Reinventing Technical Painting Techniques

Vietnamese American artist, Christine Nguyen's exhibition at the re-opened 10 Chancery Lane Gallery in Hong Kong, showing through April 7, is a welcome departure from current global tensions.

For those who believe that contemporary art could be divided into artists who create in a subjective bubble and artists who are inspired by current social and political events, Nguyen would belong to the former. Harmonic Cosmic Sea Waves is a nebulous world where traditional techniques are re-invented and salt crystals become catalysts.

Nguyen is a Los Angeles native, born into a Vietnamese family of fishermen. This is her second exhibit in Hong Kong and her first solo show to inaugurate the re-opening of 10 Chancery Lane's gallery in Central. Her work belongs in prominent collections in Los Angeles – UCLA's Hammer Museum and the Getty Research Institute.

This exhibition is centered around the mural which gave the title to the exhibition – Harmonic Cosmic Sea Waves. It was done by "combining drawing and photographic processes," Nguyen says. "'Negatives' are drawn on layers of Mylar, which are projected onto light-sensitive paper. The paper is developed in a color processor, creating a camera-less, photographic image. In addition to watercolor and ink, I use materials such as saltwater, seaweed, coral, minerals and crystals to manipulate the 'negative' and the print. The total process is similar to that of making a photogram."

Nguyen's originality comes in part from these hybrid processes, which she continues to develop. Her newest works – exhibited in the show, entitled Arroyo Secco – are Cyanotypes, a rudimentary photographic process which is the result of sunlight onto light sensitive paper on which objects have been directly placed. Nguyen's objects are collected from the sea, reminding us of her origins. These different techniques and motifs create varied levels.

The cyanotypes are matte whereas all the other works seem to glow. The colors easily veer to neon without back-lighting or other artificial light sources, which pushes the viewer further into a cosmic sphere. This is in part due to the way the artist constructs the work. Nguyen's larger pieces are mounted using uniform panels of the photographic paper, creating a grid effect.

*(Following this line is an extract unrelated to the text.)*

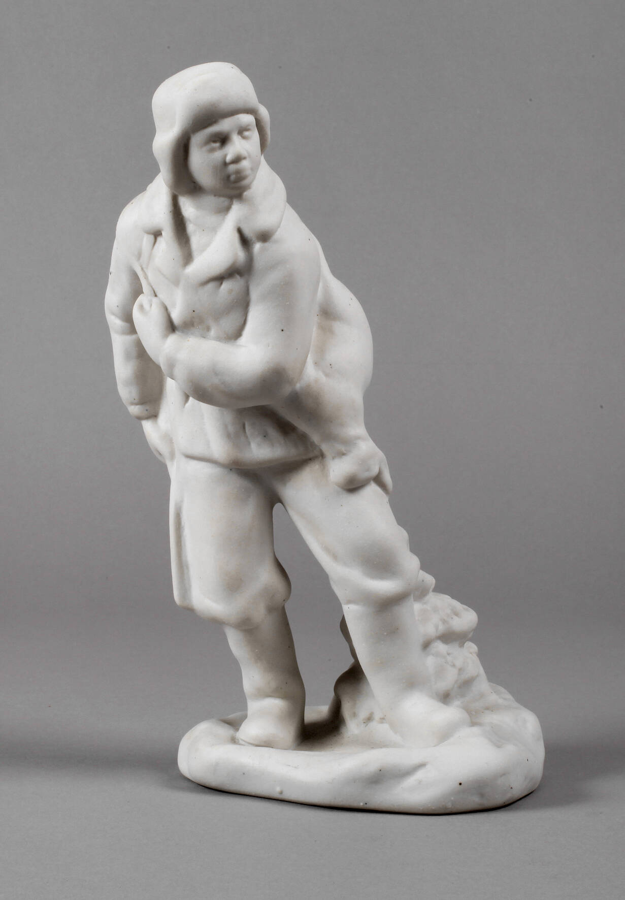 Firma Dmitrov in Werbilky bei Moskau, 1950er Jahre, ungemarkt, Biskuitporzellan unglasiert, Jäger in Winterkleidung, mit Hase, auf einem naturalistischen Sockel stehend, etwas brandfleckig, sonst unbeschädigt, H 23,5 cm.

As Katie de Tilly commented during her introduction of the artist, "each panel has a frame of light around it and this heightens the grid." It also makes our eye stop and go after each panel. For Nguyen, this can encourage the viewer to a spiritual level. Facets from the salt crystals become brilliant stars or Milky Ways that punctuate the pieces.

Although Nguyen has had success with her very large scale mural works, her smaller pieces, like A Good Beginning in Suspension or Caverns are moving have a more coherent composition which the larger pieces lose.

Christine Nguyen presents her primordial world at 10 Chancery Lane until April 9th. Choosing this inventive artist to re-open with in Hong Kong is a testament to hope and a colorful future.